Gaz de schiste : les industriels font plier l’Europe
Bruxelles abandonne le projet de légiférer sur les risques écologiques.
dans l’hebdo N° 1287 Acheter ce numéro
Il n’y aura pas de directive pour encadrer l’exploitation du gaz de schiste. L’Union européenne, qui l’avait envisagé, a finalement décidé de s’en tenir à une recommandation, renvoyant les États à leurs propres législations environnementales, considérées comme suffisantes pour contrôler l’impact environnemental, quitte à les renforcer. Le texte se borne donc à édicter des principes de simple bon sens (veiller à ne pas polluer les nappes phréatiques, informer les riverains, mener une étude d’impact approfondie, etc.). Certes, l’énergie n’entre pas dans les compétences de l’Union européenne. Cependant, Bruxelles tenait l’occasion d’encadrer la pratique de la fracturation hydraulique (seule méthode d’exploitation opérationnelle du gaz de schiste à ce jour), par le biais de la législation environnementale européenne, notamment sur la qualité de l’eau. La Commission reconnaît d’ailleurs les nombreux dégâts observés aux États-Unis, y compris les risques de séismes locaux et les problèmes sanitaires engendrés par l’usage massif de produits chimiques sur les sites d’extraction. Plusieurs pays européens étaient pourtant favorables à une loi, dont la France, l’Allemagne et la Bulgarie, qui ont interdit totalement ou partiellement l’exploitation. Cependant, la motivation était plus forte du côté des pays désireux de tirer parti de leurs gisements potentiels de gaz de schiste. En dépit des mouvements de contestation qui s’y développent, c’est le cas du Royaume-Uni, désormais très volontariste, de la Roumanie ou de la Pologne. Ce dernier pays, un temps présenté comme le mieux doté de l’Union (devant la France), déchante, confronté aux difficultés d’exploitation et à la désertion de plusieurs énergéticiens [^2], déçus par des rentabilités qui s’annoncent bien plus faibles que ce qui avait été envisagé.

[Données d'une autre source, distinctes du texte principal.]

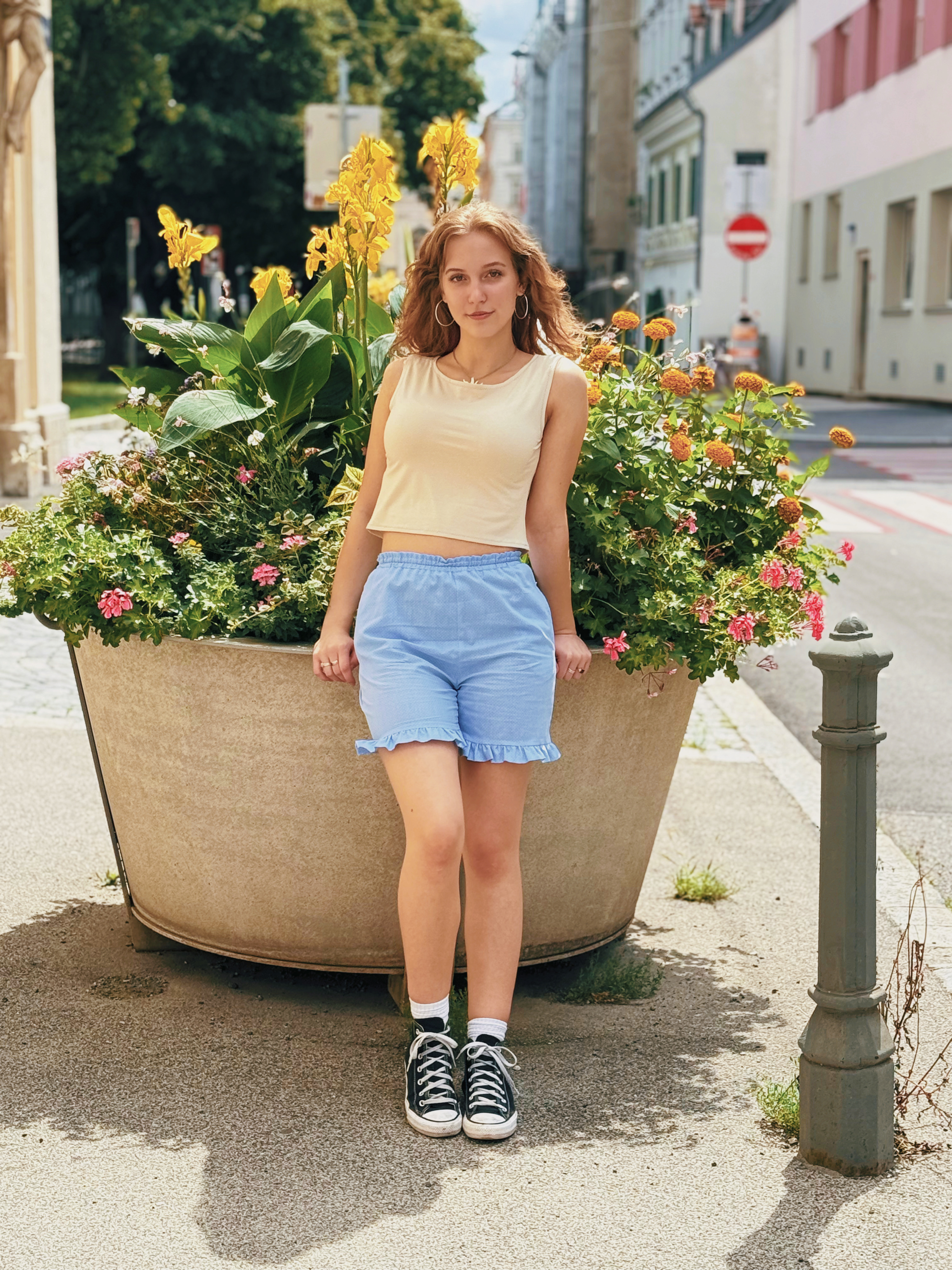 Ob kurz oder lang – du kannst den Schnitt kreativ anpassen und so gestalten, wie es dir gefällt. Der Fokus liegt auf einfachen Techniken, ideal für Einsteiger:innen – aber auch mit Spielraum für alle, die schon ein bisschen Näherfahrung mitbringen.
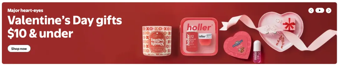 沃尔玛首页最显眼的Banner有两个情人节礼物的栏目,一个是全类目礼品推荐,一个是10美元以下礼物作为主推。
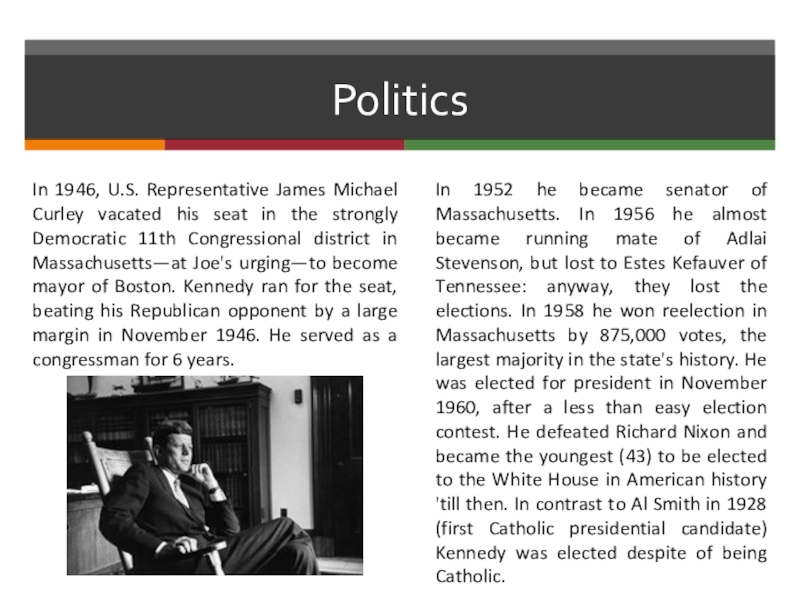 In 1946, U.S. Representative James Michael Curley vacated his seat in the strongly Democratic 11th Congressional district in Massachusetts—at Joe's urging—to become mayor of Boston. Kennedy ran for the seat, beating his Republican opponent by a large margin in November 1946. He served as a congressman for 6 years.
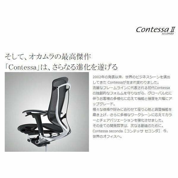 他の画像を見る 日本製 新品完成品 送料無料 オカムラ コンテッサ セコンダエクストラハイバック 大型固定ヘッドレスト CC85GR可動肘 シルバーフレーム ブラックボディ 座:メッシュ ナイロンキャスター メーカー希望小売価格 ¥ 311,520 のところ 当店特別価格 ¥ 249,260 税込 詳細を見る お気に入りに登録する
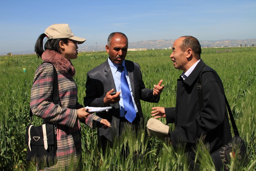 في الصورة الملتقطة يوم 24 مارس 2014، خبراء زراعيون من الصين والجزائر يعاينون المحاصيل الزراعية ويتبادلون الخبرات بشأن معالجة الأراضي المالحة والقلوية في حقل بولاية غليزان الجزائرية.

Le recul de Bruxelles coïncide avec la présentation de son projet pour le prochain paquet énergie-climat, à savoir les engagements chiffrés de réduction des émissions de gaz à effet de serre de l’Union à l’horizon 2030. Dans ce cadre, une lettre ouverte signée par 250 organisations citoyennes européennes exprime une « très grande préoccupation » face à la politique menée par les institutions européennes sur les hydrocarbures non conventionnels ^3 – le gaz de schiste notamment, reconnu comme plus émetteur de CO2 que le gaz naturel. Mais dont l’approvisionnement européen est très dépendant de la Russie, fournisseur encombrant.
[^2]: Le pétrolier italien Eni vient de jeter l’éponge après trois compagnies nord-américaines, dont Exxon Mobil.